Just to add to the list of food failures...I thought I would make a smooth that someone on Facebook posted and said it was great.  News Flash:  It was not.  I can eat almost anything, but this was definitely not pleasing.  A little too gritty.  Having said that, Dear One ate his whole serving!

This is what was in it:

1/2 cup frozen strawberries
1/2 cup frozen cherries
2 Tablespoons lemon juice
1 Tablespoon ground flax seeds
1 teaspoon chia seeds
3 ounces firm tofu, chopped
1 cup almond or other plant milk

Put everything except the almond milk in your sturdy blender (if the frozen strawberries were very large, chop them somewhat).
Healthy smoothie, if you can take it...

Pour the milk on top and blend well.  It makes a nice thick smoothie.

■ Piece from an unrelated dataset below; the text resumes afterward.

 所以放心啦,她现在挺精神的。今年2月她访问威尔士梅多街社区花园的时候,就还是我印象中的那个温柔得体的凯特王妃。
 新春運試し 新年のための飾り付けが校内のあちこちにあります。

WELL....it was not the best. It was certainly good for you, BUT the taste was not the best.  For one thing, I did not have blueberries which were actually called for in the recipe. 

For the main problem:  we are accustomed to orange juice-based smoothies.  Having an almond milk-based smoothie did not work for our tastes.  You may love it. 

Friday, November 11, 2016

Food Friday: Breakfast Salad

Yesterday I woke feeling like salad.  So I made one.  For breakfast.  It was a large salad (Dr. Michael Greger's  Daily Dozen App calls for a large salad every day.) No,  actually it was a gigantic salad.

This is what was in it:

2 handfuls of chopped romaine lettuce
1 very large handful baby arugula
1 medium head of raw broccoli chopped, including stem
1/4 small red onion finely sliced
1/3 cup chopped cooked red beets (don't I feel virtuous about eating those!!!)
1/2 cup cooked garbanzo beans
Some Vidalia Viniagrette salad dressing

I forgot the ground flaxseed meal I planned to put on top.

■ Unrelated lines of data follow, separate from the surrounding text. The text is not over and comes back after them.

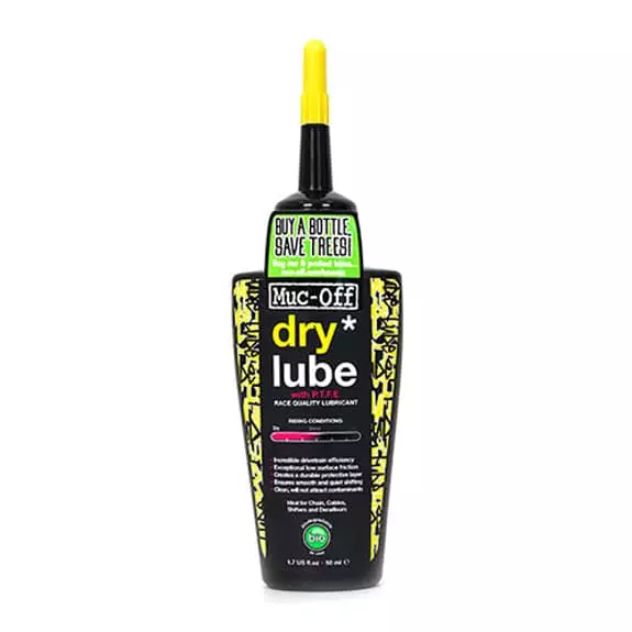 Le lubrifiant Muc-Off Dry est une huile de lubrification à sec qui crée un film de longue durée qui améliore le fonctionnement, protège et réduit le frottement de la transmission de la chaîne.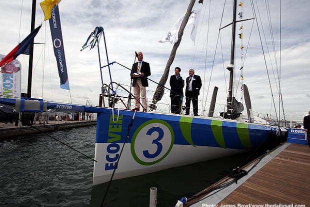 After seeing Dominique Wavre's rather brutal looking Temenos at the start of the Route du Rhum last year, we had our concerns, but the new blue and green emblazoned Ecover, unveiled in the UK recently at Southampton Boat Show, looks to be a weapon.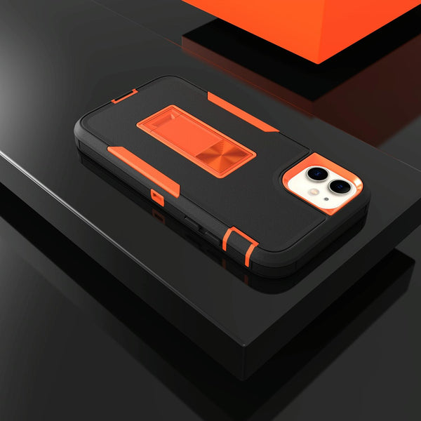 For iPhone 12 Magnetic Holder Phone Case(Black + Orange)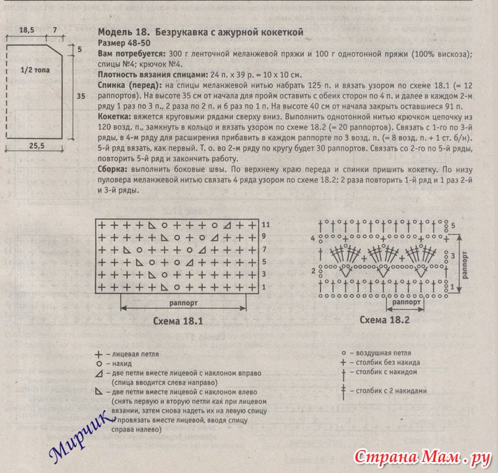 ВЕРХНЯЯ ЧАСТЬ: набрать 25 п.. далее вязать по схеме № 1 и № 2.

I tossed all this together and managed to eat it all.  I woke up this morning 3 pounds lighter!!  That may have had something to do with the fact that I ate one medium/large baked-in-the-microwave russett potato and one Tofurky kielbasa link (seasoned with a little General Tso's sauce) for my other meal for the day.  Plus a good bit of water.

This was Day One of my 10-day goal of eating totally plant-based foods.  We will see if I can get beyond the first day.  Not as easy as one might expect.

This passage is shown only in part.